Bug 2032923

Summary: rpmlint reports crypto-policy-non-compliance-openssl
Product: Red Hat Enterprise Linux 9 Reporter: Dalibor Pospíšil <dapospis>
Component: librdkafkaAssignee: Sergio Arroutbi <sarroutb>
Status: CLOSED ERRATA QA Contact: Dalibor Pospíšil <dapospis>
Severity: unspecified Docs Contact:
Priority: medium    
Version: 9.0CC: alakatos, dapospis, omoris, rsroka, sarroutb
Target Milestone: rcKeywords: AutoVerified, Patch, Triaged
Target Release: ---Flags: pm-rhel: mirror+
Hardware: All   
OS: Linux   
Whiteboard:
Fixed In Version: librdkafka-1.6.1-100.el9 Doc Type: No Doc Update
Doc Text:
Story Points: ---
Clone Of: 1842817 Environment:
Last Closed: 2022-05-17 13:56:23 UTC Type: Bug
Regression: --- Mount Type: ---
Documentation: --- CRM:
Verified Versions: Category: ---
oVirt Team: --- RHEL 7.3 requirements from Atomic Host:
Cloudforms Team: --- Target Upstream Version:
Embargoed:
Bug Depends On: 1842817    
Bug Blocks: 1842847    

Description Dalibor Pospíšil 2021-12-15 13:33:31 UTC 
+++ This bug was initially created as a clone of Bug #1842817 +++

Description of problem:

Crypto-policy non-compliance is reported by rpmlint.

Since RHEL-8.0 we have system-wide crypto policies - usage of cryptographic protocols such as TLS that are enforced system-wide.
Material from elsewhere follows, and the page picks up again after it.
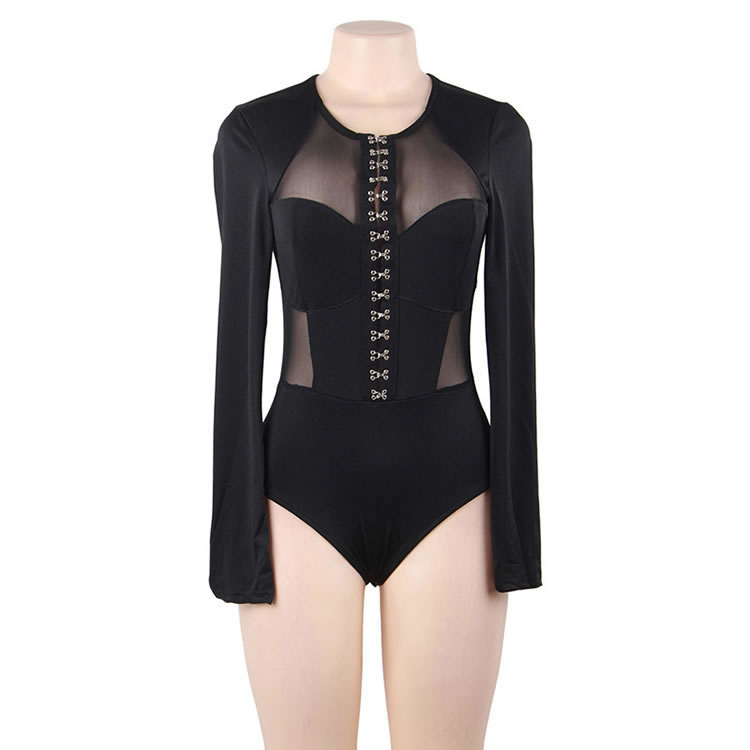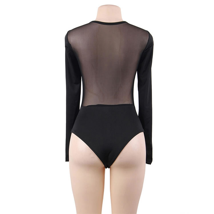 This provocative bodysuit features a scoop neckline, a front hook and eye closure, long sleeves, an opaque bottom with high cut sides, a snap crotch, and a cheeky cut back.

In general we want all applications in RHEL to be compliant with the crypto policy set on the system (see policy [1] inherited from Fedora).

Rpmlint detected that librdkafka uses SSL_CTX_set_cipher_list from OpenSSL library without  PROFILE=SYSTEM. This indicates that a custom setting is used rather than system-wide crypto-policies setting. It is not a problem as long as it is intentional (e.g. specific algorithm is requested by user or configuration). However, unintentional usage might be a potential bug.
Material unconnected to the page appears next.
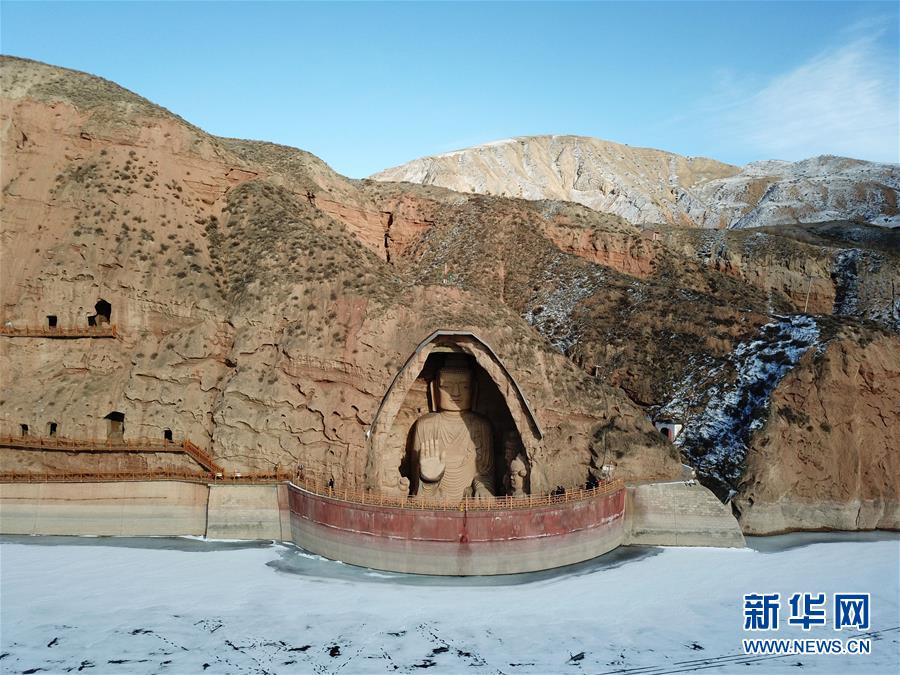 這是1月11日拍攝的天梯山石窟(無人機照片)。新華社記者馬寧攝

Could you please inspect relevant parts of the code, check that this is not rpmlint false positive and verify that custom setting is used intentionally?

 * If yes, feel free to close this BZ as NOT-A-BUG.
 * If not, could you please consider using system-wide crypto policy setting (PROFILE=SYSTEM) instead of custom setting?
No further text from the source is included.